Dismiss Notice
Join Physics Forums Today!
The friendliest, high quality science and math community on the planet! Everyone who loves science is here!

I Why Is There No SI Unit For Information?

  1. Jul 13, 2017 #1

    Nim

    User Avatar

    Why is the quantity "information" missing from the SI system?

    Also, if they did add it, do you think it would be added as a base unit or dimensionless derived unit?
     
  2. jcsd
  3. Jul 13, 2017 #2

    tech99

    User Avatar
    Gold Member

    I think the unit of information is the Bit.
     
  4. Jul 13, 2017 #3
    I don't think it is "missing", all scientifically pertinent information is standardized as SI values.
     
  5. Jul 13, 2017 #4

    jbriggs444

    User Avatar
    Science Advisor

    Information is a dimensionless quantity: the negative log of the probability of occurrence. The question of units comes down to the question of what base to use when taking the log. Euler's number is a good choice. Base 2 (i.e. the bit) is another viable choice.
     
  6. Jul 13, 2017 #5

    sophiecentaur

    User Avatar
    Science Advisor
    Gold Member

    That's only a binary digit. There's nothing fundamental about binary coding of information. Standard computer memory capacity can be described in numbers of bits and the bit is useful as a comparison unit but the possible information content is way beyond the memory capacity.
    This wiki link will give you some background to Information Theory. Interestingly, the original work on Information theory did not use 'bits' because binary computers were in their infancy. Shannon started off using Morse Code as a model.
     
  7. Jul 13, 2017 #6
    That article links to another on the "hartley" as a unit of information, relevant within the domain of information theory & application of that theory: https://en.m.wikipedia.org/wiki/Hartley_(unit)

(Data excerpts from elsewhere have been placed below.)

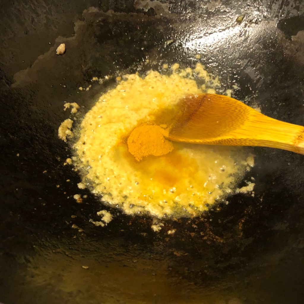 Add the turmeric and stir well frying it for 30 / 40 seconds.
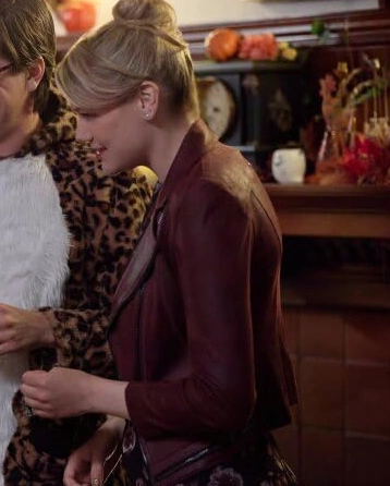 Nora 2024 Autumn at Apple Hill Movie Sarah Luby Burgundy Biker Jacket
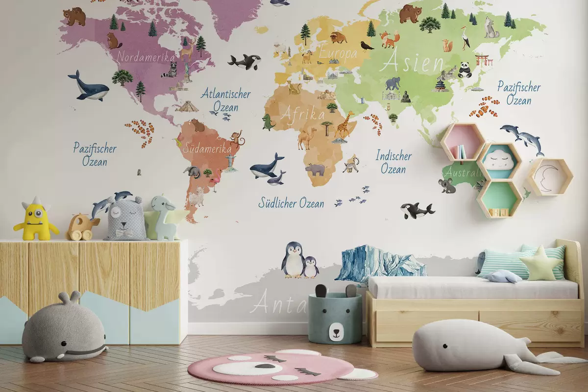Fototapeedid Akvarellistiilis värviline kaart, millel on kujutatud loomi, taimi ja arhitektuuri. Saksakeelsed nimetused Nr c00009de
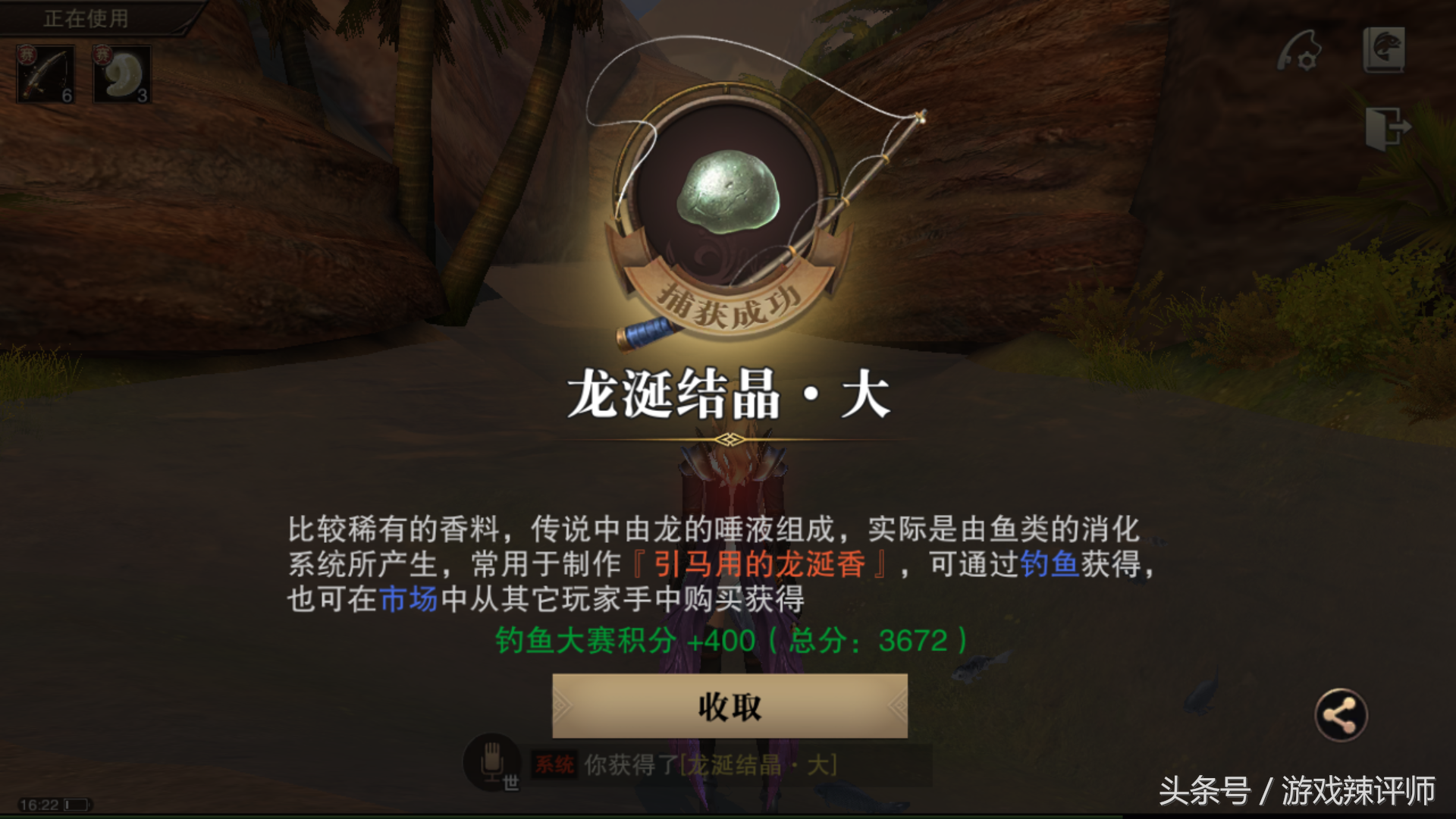 生活玩法其他的几个感觉没什么可说的,重点说说钓鱼吧,对于平民来说,钓鱼真的是发家致富的一大捷径。笔者强烈推荐在贝尔老爷子那里买金币鱼竿,用了之后你就会发现这几竿子下去的收益会远远大于鱼竿的价钱(尤其是运气爆棚钓上来大份的龙涎结晶~)。鱼饵的话不强求,金币多的同学可以买点黑蚯蚓,不愿花这个钱也可以就用一般的鱼饵,只不过是有地域限制罢了。
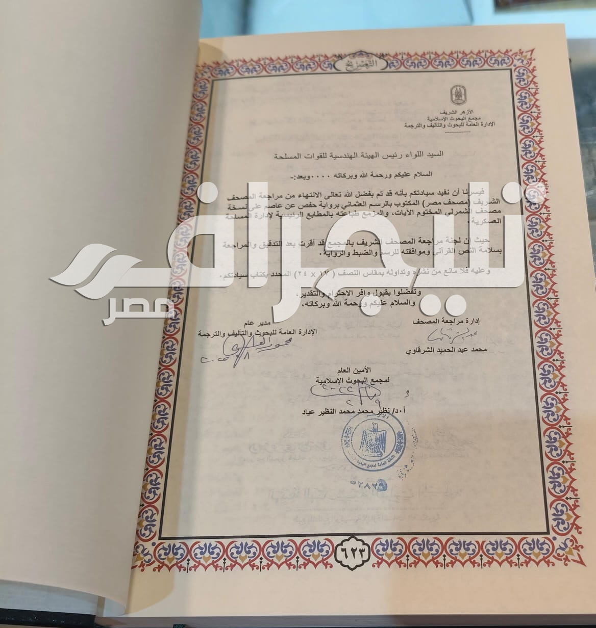 وكشف مسؤولو جناح وزارة الدفاع بمعرض الكتاب لـ"تليجراف مصر"، أن “مصحف مصر” تم جمعه لأول مرة، بعد أن كان يتم تجميعه واستيراد النسخ من السعودية.

    To quote from the article:

    The hartley (symbol Hart), also called a ban, or a dit (short for decimal digit), is a logarithmic unit which measures information or entropy, based on base 10 logarithms and powers of 10, rather than the powers of 2 and base 2 logarithms which define the bit, or shannon. One ban or hartley is the information content of an event if the probability of that event occurring is 1/10.[1] It is therefore equal to the information contained in one decimal digit (or dit), assuming a prioriequiprobability of each possible value . . .

    Though not an SI unit, the hartley is part of the International System of Quantities, defined by International Standard IEC 80000-13 of the International Electrotechnical Commission. It is named after Ralph Hartley.
    My math knowledge approaches the limit 0, but judging by the mention of certain terms, the above sounds related to what @jbriggs444 has suggested - yes? (EDIT - see @anorlunda's comment, below.) And note also the reference in the first paragraph to the bit, or Shannon, already mentioned.

    More generally, getting back to the OP's question, surely a unit implies a context; and so a question for @Nim might be, did you have in mind any particular context (e.g. something other than information theory, digital communications, etc.)?
     
    Last edited: Jul 13, 2017
  8. Jul 13, 2017 #7

    anorlunda

    User Avatar
    Science Advisor
    Gold Member

    In addition to the bit, there is the qubit as used in quantum computers. A qubit is a lot moe information than a bit but precisely how much is uncertain :-p

    @jbriggs444 's definition (which relates the the number of micro states) works in thermodynamics. But information is also related to unitarity (quantum physics), Liouville's theorum (classical physics), Shannon's information theory (as @sophiecentaur mentioned), to the rule that the sum of all possibilities in a physical system is identically one, and the reversibility of physical laws at the micro level that Leonard Susskind calls the minus first law of physics.

    I have yet to hear a definition of information that applies in all contexts.

    Information is closely related to (but not identical to) entropy. Wikipedia's disambiguation page for entropy links to 16 technical definitions of the word. I expect the same difficulty defining information.

    Information is synonymous with knowledge in natural language and in the dictionary, but not in physics. That greatly adds to the confusion because people think knowledge when they hear information.
     
  9. Jul 13, 2017 #8
    With regards to this, I found a couple of interesting posts; the author is Tom Schnieder, a cancer researcher with NIH, and the posts seem to be part of a FAQ for the news group bionet.info-theory, a forum for discussing information theory in biology.

    What's interesting is that rather than entropy, apparently Shannon preferred to speak of "conditional entropy", which relates to information reducing uncertainty - a rather different concept than entropy per se. I apologize for not being able to vet this content myself due to its math &a conceptual content, but wonder if it might be of interest nonetheless:

    https://schneider.ncifcrf.gov/information.is.not.uncertainty.html

    https://schneider.ncifcrf.gov/bionet.info-theory.faq.html#Information.Equal.Entropy
     
    Last edited: Jul 13, 2017
  10. Jul 13, 2017 #9

    anorlunda

    User Avatar
    Science Advisor
    Gold Member

    I read recently on PF an account about Shannon's choice of words. He didn't think of entropy, but a physicist at Bell Labs advised him to use entropy, because of the way it was defined. I apologize for not having a link to the thread or to the actual source of that conversation.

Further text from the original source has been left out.